734 - Keeping It Together
Spirituality Column #734
December 8, 2020
Common Christianity / Uncommon
Commentary
Keeping It Together
By Bob Walters
“As the heavens are higher
than the earth, so are my ways higher than your ways, and my thoughts than your
thoughts,” – Isaiah 55:9
This verse is as plain as
anything in the Bible: God is not something we will completely understand
because we are not built to.
That said, we can know Him through
Jesus Christ and the illumination of the Holy Spirit. It takes faith, obedience … and some
knowledge certainly helps. But folks
work harder at Christianity than they really need to because they constantly
try to split, divide, and specifically define things that – I’m pretty sure –
God intended to be understood as “whole cloth,” not random remnants. He’s the whole ball game; not innings or
quarters.
In a religion of unity, Christianity
is often a religion that divides. For
example …
God - The complete undivided God
is the Father-Son-Spirit Trinity. God
exists as this all-in-all relationship of love. No need to pursue three goals. God’s math doesn’t just add, it multiplies: 1
x 1 x 1 is still 1. Pray to one, you’ve
covered them all.
Love – C.S. Lewis famously wrote
of the “Four Loves” – eros (passion), philia, (brotherhood), storge (parents
for children), and agape (God’s love). As
humans we feel the need to decide which love is holy and which love is not. I’m here to disagree. In the New Testament’s great passages on love
– 1 Corinthians 13, 1 John, and all four Gospels where we are to “love God and
love others” – there is not a word about sex or appetites, just warnings about
worldly pursuits. God’s love is best
understood as whole. Humans see love in
complex human terms; real love is the simple way God sees it.

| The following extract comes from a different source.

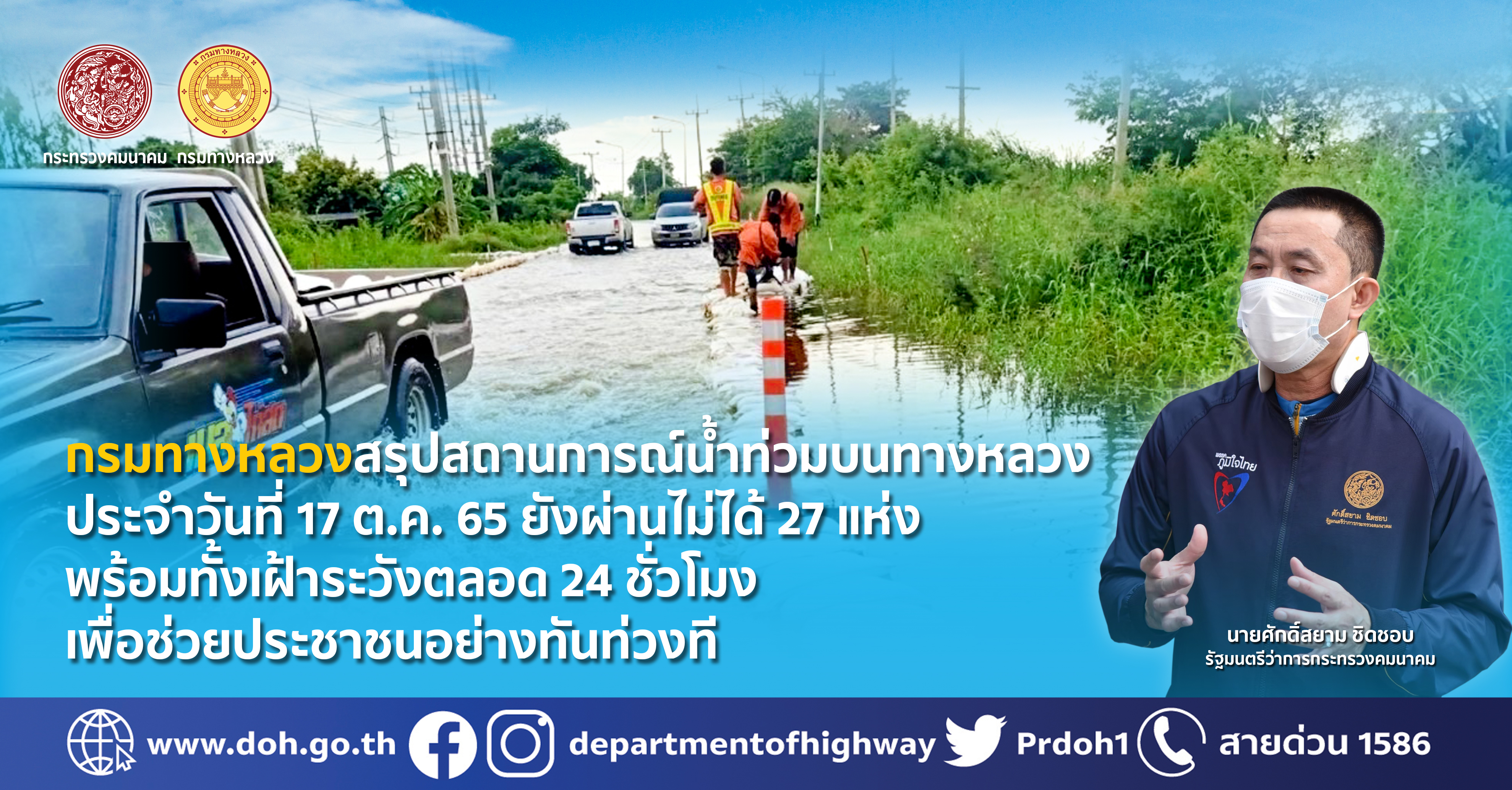 นายสราวุธ ทรงศิวิไล อธิบดีกรมทางหลวง เปิดเผยว่า จากสถานการณ์น้ำท่วมในหลายพื้นที่ ส่งผลให้ทางหลวงบางเส้นทางมีน้ำท่วมสูงเป็นเหตุให้ไม่สามารถใช้สัญจรได้ตามปกติ กรมทางหลวงได้สั่งการให้ สำนักงานทางหลวง แขวงทางหลวง หมวดทางหลวงทั่วประเทศ เฝ้าระวัง และติดตามสถานการณ์อย่างใกล้ชิด หากพื้นที่ใดประสบปัญหาก็จะระดมบุคลากร นำเครื่องจักรและวัสดุอุปกรณ์เข้าให้การช่วยเหลือเพื่อเร่งระบายน้ำและบรรเทาความเดือดร้อนโดยเร็วที่สุด พร้อมกำชับให้ผู้บริหารในพื้นที่ติดตามสถานการณ์อย่างใกล้ชิด นอกจากนี้ยังติดตั้งป้ายเตือนและอุปกรณ์อำนวยความปลอดภัยแก่ผู้ใช้เส้นทาง ในขณะที่บางจังหวัดก็มีการล้างทำความสะอาดถนนหลังจากน้ำลดลงบ้างแล้ว เพื่อบรรเทาความเดือดร้อนของประชาชนให้ได้รับความสะดวกปลอดภัยในการสัญจรโดยเร็วที่สุดอย่างต่อเนื่อง ตามข้อสั่งการของ นายศักดิ์สยาม ชิดชอบ รัฐมนตรีว่าการกระทรวงคมนาคม ที่มีความห่วงใยประชาชนผู้ประสบภัยในครั้งนี้ พร้อมทั้งเฝ้าระวังตลอด 24 ชั่วโมง เพื่อช่วยประชาชนอย่างทันท่วงที พร้อมกันนี้กรมทางหลวง ได้ทำการสรุปสถานการณ์อุทกภัยและดินสไลด์บนทางหลวง โดย สถานการณ์ประจำวันที่ 17 ตุลาคม 2565 เวลา 12.30 น. พบทางหลวงถูกน้ำท่วม/ดินสไลด์ ในพื้นที่ 12 จังหวัด ได้แก่ จ.ขอนแก่น, จ.ศรีสะเกษ, จ.นครราชสีมา ,จ.หนองบัวลำภู , จ.อุบลราชธานี, จ.มหาสารคาม, จ.ยโสธร, จ.นครปฐม, จ.อ่างทอง, จ.พระนครศรีอยุธยา, จ.สิงห์บุรี และ จ.นครสวรรค์ จำนวน 28 สายทาง 38 แห่ง การจราจรผ่านไม่ได้ 27 แห่ง ดังนี้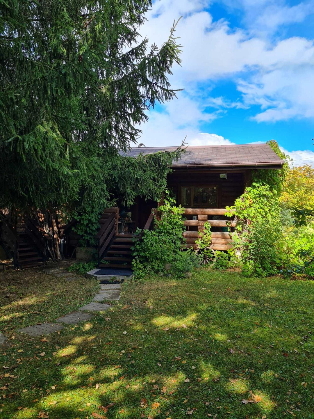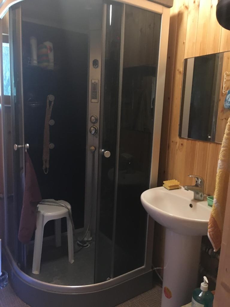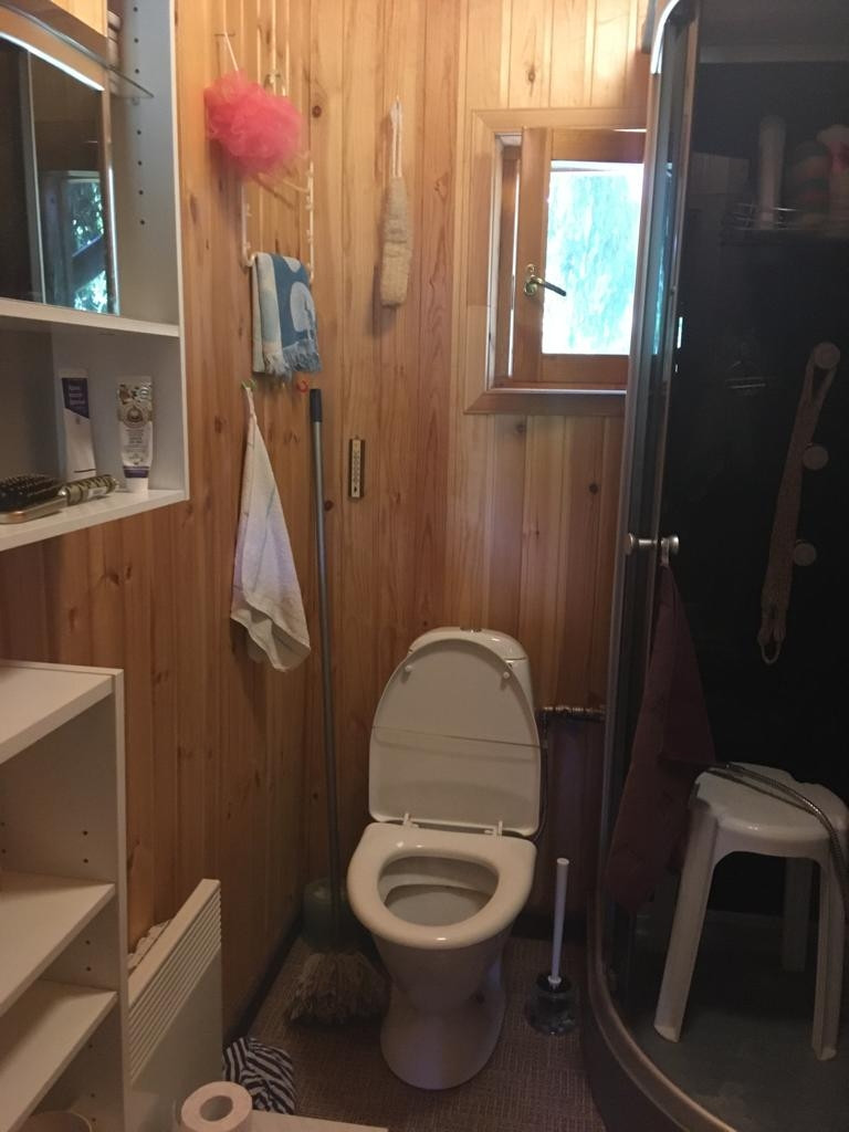 Финский дом из сруба на фундаменте из бетонных блоков (по 90 кг) - 2 комнаты, санузел с душевой кабиной, бойлером + финская баня. И отдельный вход в мастерскую (хоз.блок).

Truth – Culture insists we split
up truth into as many individual parts as possible. Then Satan takes the toxic bits and infects
all society with confusion and division.
“My truth” and “your truth” are sucker gambits. “I am the way, and the truth and the life”
says Jesus (John 14:6). Get your facts
straight, sure; but God’s truth is the only one.
The Law – Paul was a Pharisee who
Jesus told to spread the Truth to gentiles; Jesus never told Paul to teach the
Law to gentiles. Why? Because the Old Testament Mosaic Law applied
to the Jews. Jesus, not the Law, fulfilled Israel’s destiny of saving the
entire world. Christians cling to OT
laws, I think, to have rules to follow. The Westminster Confession (England, 1647)
famously split the Law into Moral, Judicial, and Ceremonial segments; but
neither Jesus nor Paul preached that. Jesus’s “law” tells us to love God and
love others, period. We don’t need the
old Law to love Jesus.
Forgiveness – It is OK for words
to mean many different human things in many different contexts, but the
forgiveness of Christ – our sins covered by the blood of Jesus restoring our
divine relationship with the eternal God – is totally a God thing. We cannot forgive another’s sins against God;
but we are called to forgive worldly offenses against ourselves. That’s not for the sake of the oppressor; it
is to maintain our peace in Jesus.
Freedom – Jesus frees us from the
Law because He completed God’s promise to Israel that they were the chosen
nation God would use for the salvation of “the whole world.” Israel didn’t realize this made them servants
(like Jesus), not masters. In the Bible
“freedom” doesn’t mean freedom from responsibility; it means the freedom to
have faith and to love God and others in obedience to Jesus’s command to do exactly
that.
Division is the most confusing
and destructive thing humanity faces, while the wholeness of God is meant to be
the most comforting, creative, and coherent.
We may be flawed and fallen
pieces, but God’s love, in Jesus, keeps us together.